When she came up for another kiss, his fingers gently stopped her and tilted her chin back, exposing her slender neck. He could see the barely there imprints of his last possessive mark. Good skin care quickly faded them, and makeup fixed a multitude of ills. She never complained about it, accepted it as readily as his harpy on his bedside table, matching John Brigham's Desert Eagle on hers.
He lowered his mouth, running his tongue along the soft, soft skin. Pale and smooth he felt the same small excitement as one would about to step into freshly fallen snow; anticipation of leaving a mark. Another wet trail along her jugular, his breath cooling her flesh as he breathes. Starling bites her lip, and the shiver seeps into her spine. He apparently has picked a spot and she could feel his teeth against her now, right at the junction between neck and collar.
But his hands are still busy. Her blouse becomes looser, button by button. The monster does not take time in enjoying the slow reveal of flesh. He wants her bare, and quickly. He wants her, full stop. Hannibal wants to be with Clarice, to make manifest and psychical the connection that had fused them together so tightly that they had shed the trappings of their previous lives.
Lecter has had other lovers before; many. Yet with Starling he feels a heart and a body that beats in tandem with him. It is the reason they have not tired of their nightly activities, even after a year. It was a splendid structure that adorned their finished arch.

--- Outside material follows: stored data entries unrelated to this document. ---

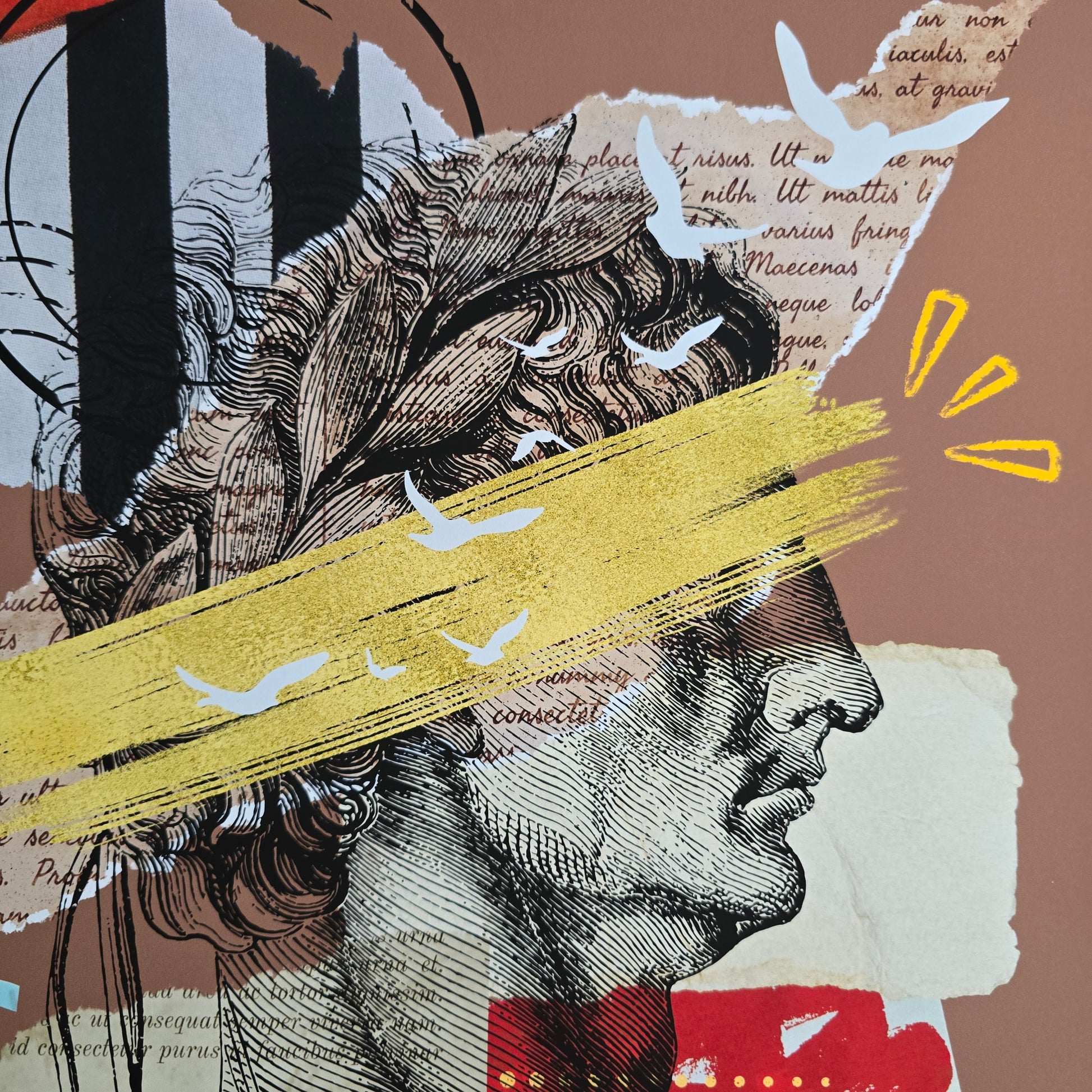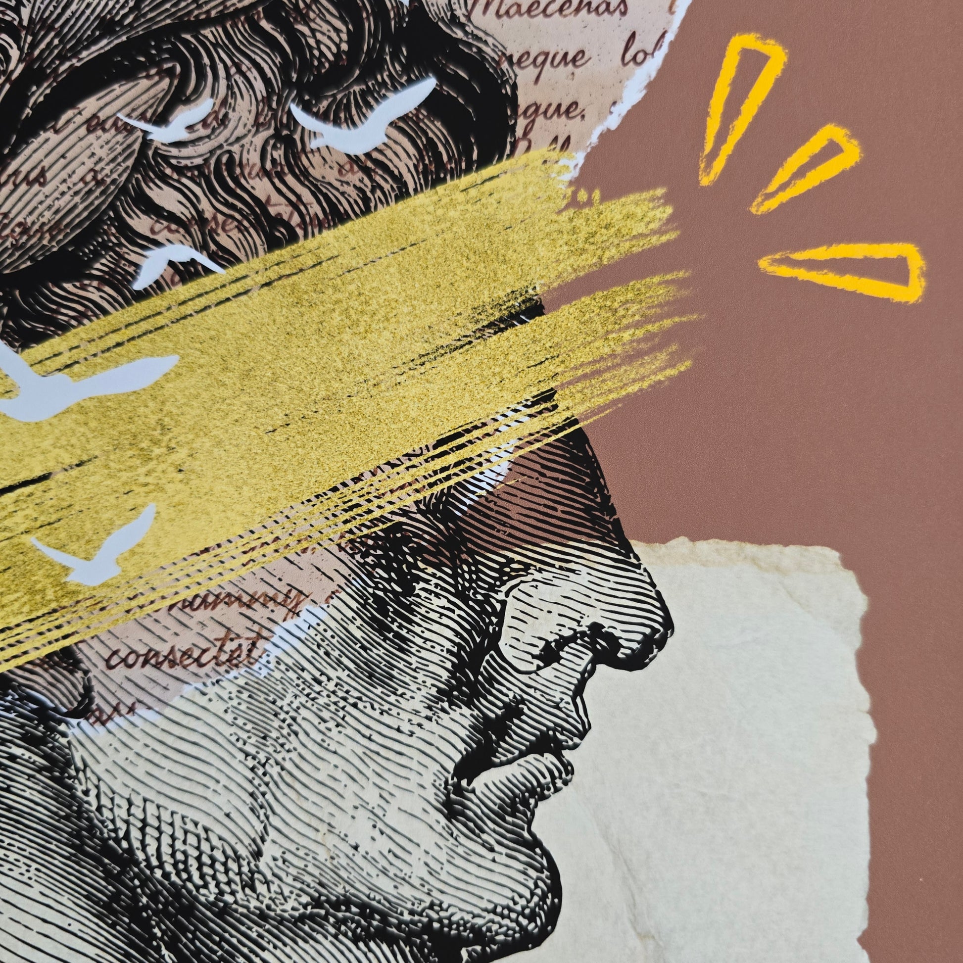 Plakat Approved predstavlja reinterpretacijo klasičnega moškega portreta – ujetega med zgodovino in sodobnostjo, med redom in kaosom. Skozi kolažno plastenje, ilustrativne poudarke in ročno teksturirane poteze nastaja lik, ki ne obsoja, temveč sprejema.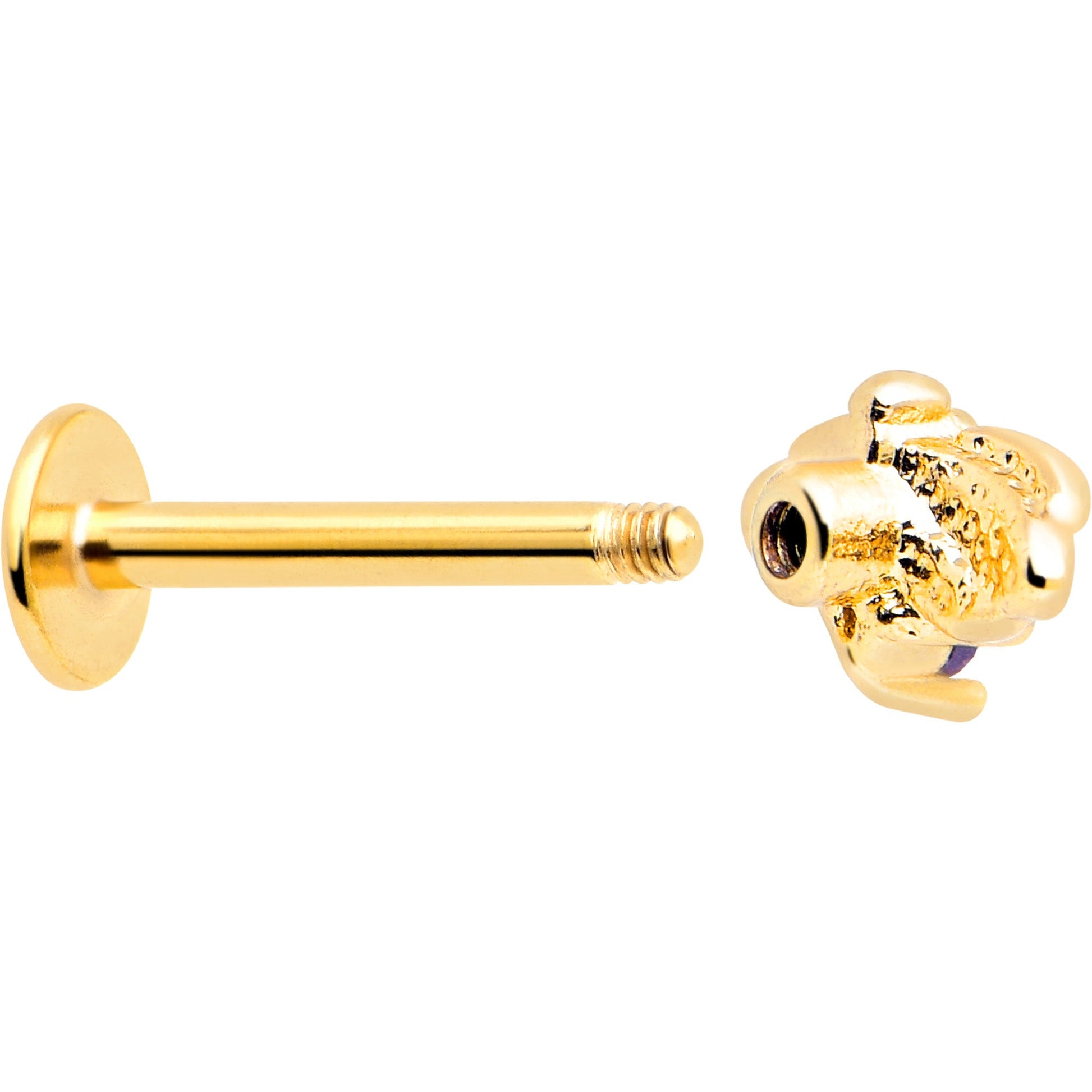 16G 5/16 Purple Gem Gold Tone Beauty Bug Labret Monroe Tragus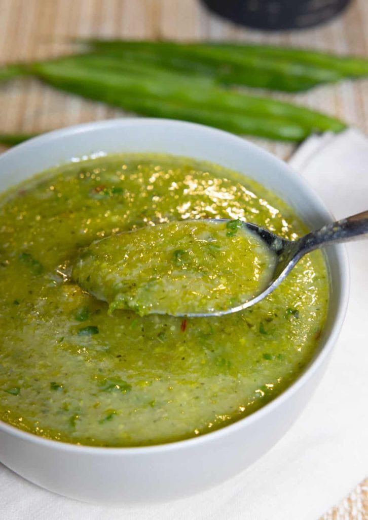 It’s a super green detox soup that takes humble broccoli stems, leafy greens, and aromatic celery to new levels of nourishing deliciousness.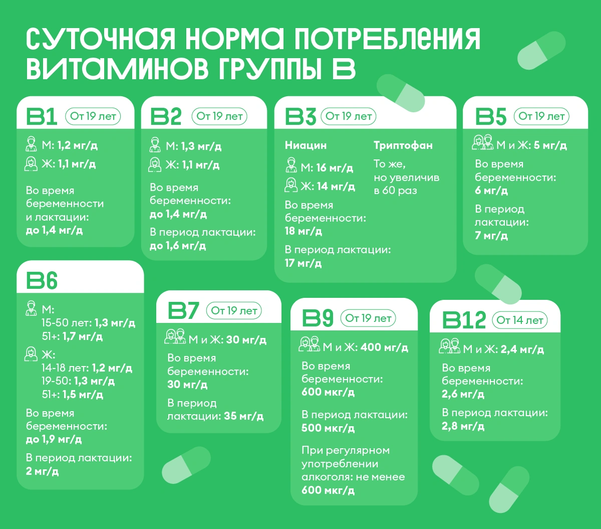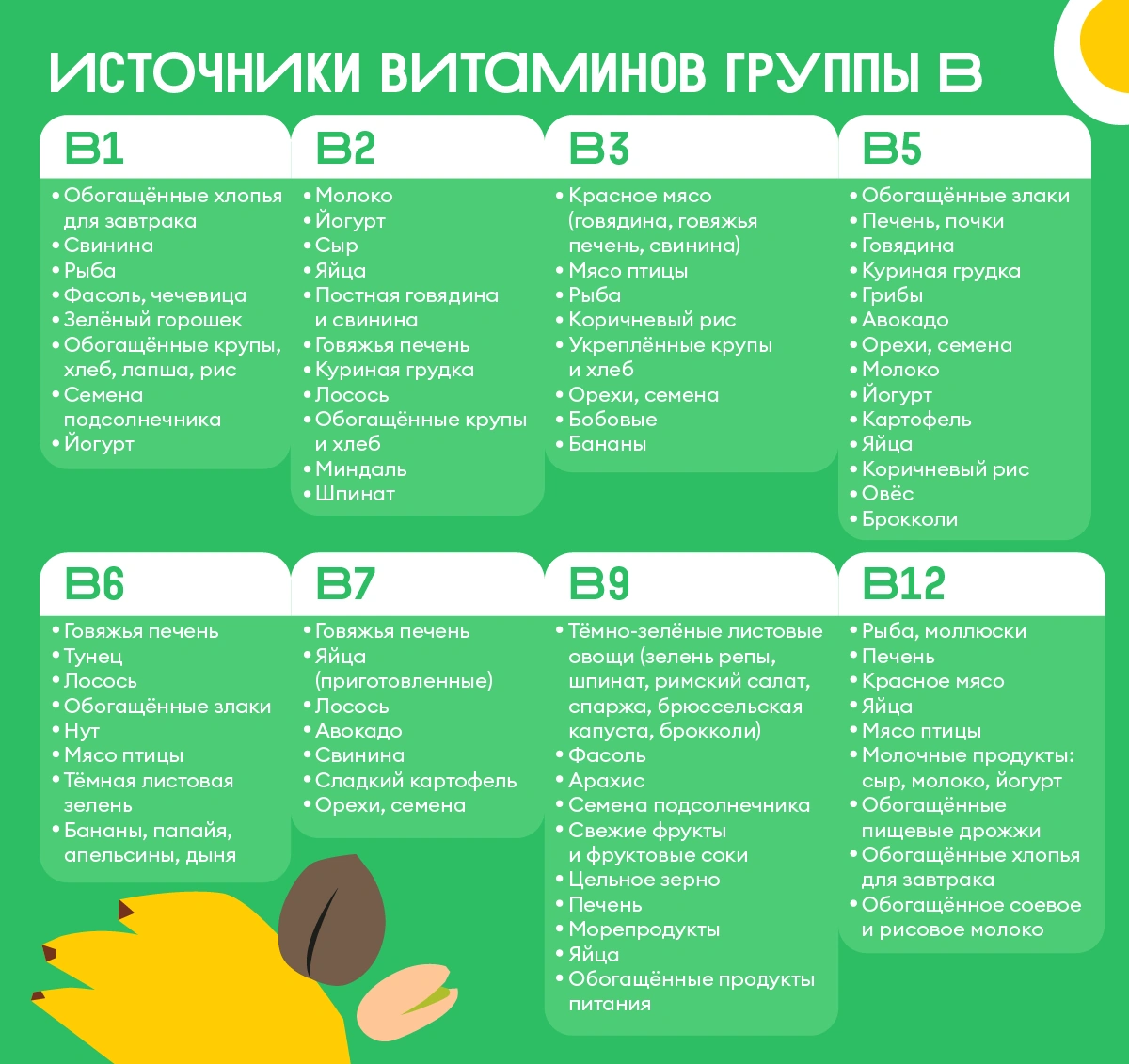 Источники витаминов группы В и суточная норма их потребления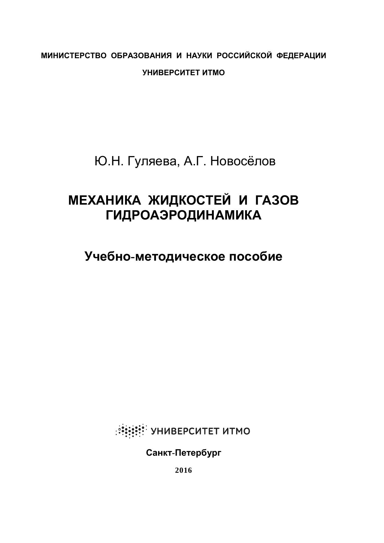 Механика жидкостей и газов. Гидроаэродинамика: учебно-методическое пособие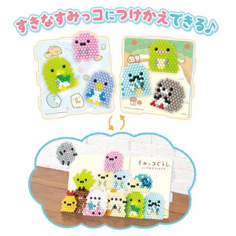すみっコぐらしのキャラクターがたくさんつくれる、フリップビーズトレイつきのオールインワンセットです。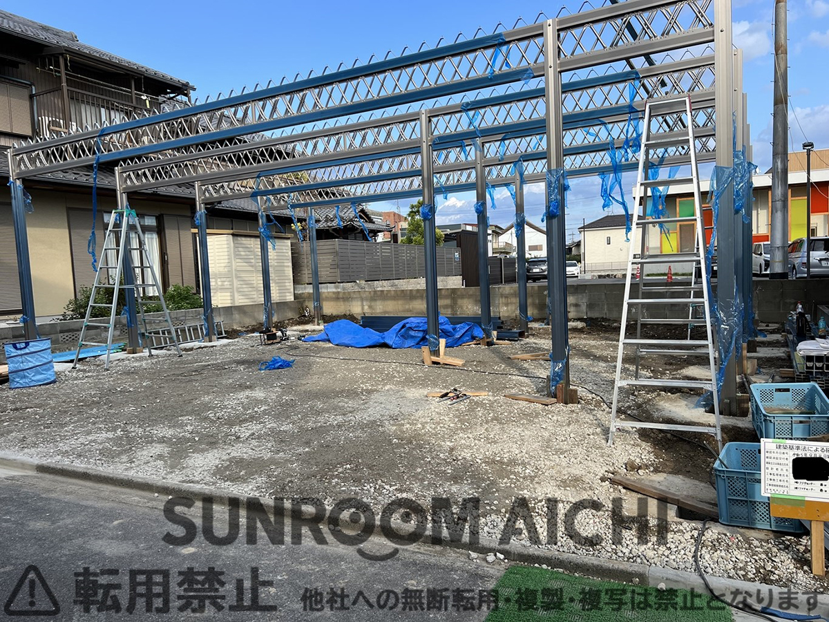 名古屋エリアセッパンカーポートシェルポートガレージ大型 間口10m×奥行10m 高さ4m 確認申請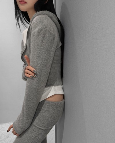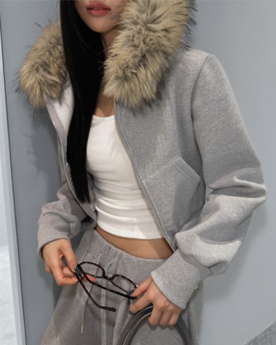코지 기모 크롭 후드 집업 -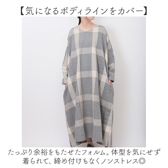・ナチュラルな大人カジュアルデザイン。程よく肉厚で着心地も抜群な「チェックワンピース」。

Starling was small indeed compared to her lover, and he had an easy time of moving her as he peeled her clothes from her body, and adjusted her back onto the bed just how he wanted her. Such an appetizing sight, such a wonderful offering. It was hard to tell if he was grinning at her, or if his lips pulled back in a hungry snarl. Either way, Clarice sunk back against her pillows, raising a foot to his shoulder, but not to push away. The sole slid up and over his arm along his back drawing him closer.
His mouth found her belly, lips brushing over the soft skin. Her flesh jumped, his breath warm against the chill of being naked in the room. Lecter lay his cheek against the thigh of the leg slung over his shoulder. His shadow was abrasive against the smooth flesh, he saw the sensation crackle in her eyes a moment before her head fell back. A quick nip of her skin and she was looking at him again as his head lowered. Good.
Clarice Starling, as ever, was the only meal Lecter had that never left him full. In fact she aggravated his hunger, even as it left him completely satisfied. Her hands threaded into his hair, her sighs and sounds, the taste and feel of her. His hands held her hips firmly, not roughly. He did have to keep her somewhat still after all, and she had a tendency to wriggle, compliment that her writhing was. Like tuning a beautifully crafted instrument, he was guided by the pitch and tones of her as he worked.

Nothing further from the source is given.